В Тригорском, действительно, зажигают костры и внутри, и снаружи. Целые хороводы носятся там вокруг костров, держась за руки и распевая какие-то дикие. Разудалые песни. Крыша занимается, из труб вырывается дымное пламя, искры снопами разлетаются в воздухе. Дом уже весь сквозной, пронизан огнями и напоминает какую-то адскую клетку… Как бесы снуют там зловещие чёрные тени… Не хватает духу смотреть. Но отец Александр "не выносится". Он приютил у себя старушку баронессу с семьёй её слуг, сторожит всю ночь дом, и никто не является поджигать его. Тригорское догорает… Мы ложимся, не раздеваясь, в ожидании судьбы…»

«Чтобы не ездили и не вспоминали!»

Варвара Васильевна, конечно, не знает, что впереди у неё - долгая судьба. В 1920-х годах она работала над перовым пушкинским заповедником. Ушла, когда ей было за восемьдесят. Но пока на календаре 19 февраля 1918 года. Смертный день для пушкинского Михайловского.

«Грабят Петровское и Михайловское», - возвещают мне утром. А я лежу, как в параличе, без движения от всех этих дум. И только про себя запоминаю заглавия из «истории российской революции»: «Власть злобы и тьмы… Власть завистливой злобы и бессмысленной тьмы».

Через сто лет мы этим заглавиям не удивимся. А чему, собственно, удивляться? Огромный разрыв в имуществе и доходах между усадьбами (барскими и новыми торгово-промышленными) и «местными». Плюс безвластье – рядом дома, огромные, никем не защищённые дома, набитые ценностями. «Грабь награбленное». «Это всё наше, нами созданное».

Мы не знаем общих данных по Псковской губернии, но в Пензенской к концу 1918 года не разрушенные, не сожжённые дома сохранились только в 25 % бывших поместьях *3 (Л.В. Рассказова.

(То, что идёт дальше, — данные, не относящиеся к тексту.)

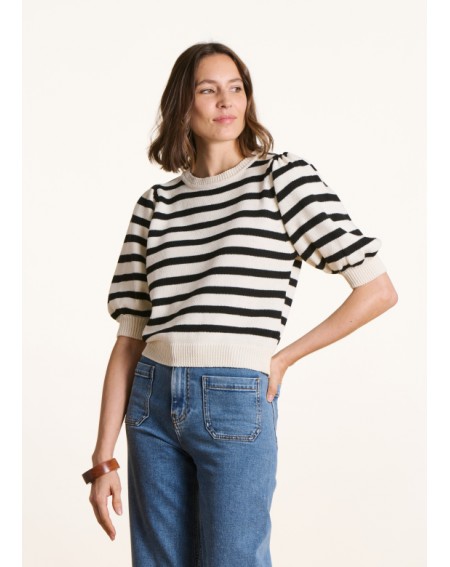Nouveau Aperçu rapide Pull FELIXIA La fée... PULL MARINERE ENCOLURE RONDE , MANCHES COUDES BOUFFANTES, PETITES FRONCES EN TETE DE MANCHES, FINITIONS BORD-COTE Liste de souhaits Ajout panier 99,00 €
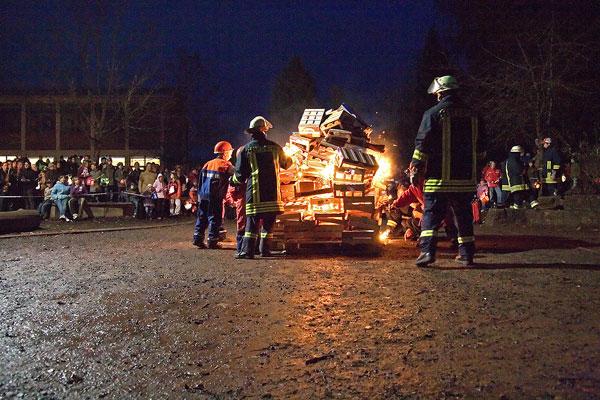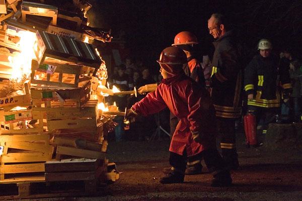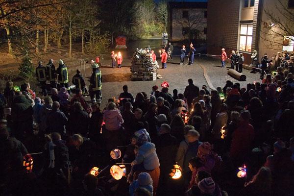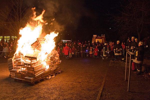 Auch die Jungen und Mädchen der Jugendfeuerwehr waren tatkräftig am Werk: Auf dem Schulhof hatten sie bereits gemeinsam mit ihren Jugendbetreuern das Martinsfeuer aufgebaut. Nach dem die Martinsgeschichte erzählt und gemeinsam Martinslieder gesungen waren, wurde das Feuer auf ein Zeichen von Pastor Marx entzündet.

Разгром дворянских усадеб (1917-1919) официальные документы и крестьянские практики // Общество. Среда. Развитие (Terra Humana). 2010. 2 (15). Ст. 47.)

Разгром помещичьих усадеб был массовым, повсеместным. «Крестьянское отрицание прошлого стало предельным. Оно находило выражение, прежде всего. Смести помещичьи имения так, «чтобы некуда (им) было возвращаться, … чтобы не были они здесь совсем» *4 (В.П. Данилов. Крестьянская революция в России. 1902-1922 гг. Материалы конференции «Крестьяне и власть». Москва-Тамбов. 1996. С. 4-23.).

«Под вечер вижу в окне новое зарево. И вот там. Над лесом – большое и яркое. «Зажгли Зуево! … снова возвещают мне, чтобы не ездили туда и не вспоминали!» Зуево – это и есть Михайловское. Пушкин. Зуй – болотная птица, их много в тех местах.

«Страдальческий висок разбитой вдребезги его посмертной маски»

Другая судьба - у пушкинского Болдино в Нижегородской губернии Его не сожгли. Там был сход крестьян, и решено было - не жечь. Вот приговор схода от 11 апреля 1918 года.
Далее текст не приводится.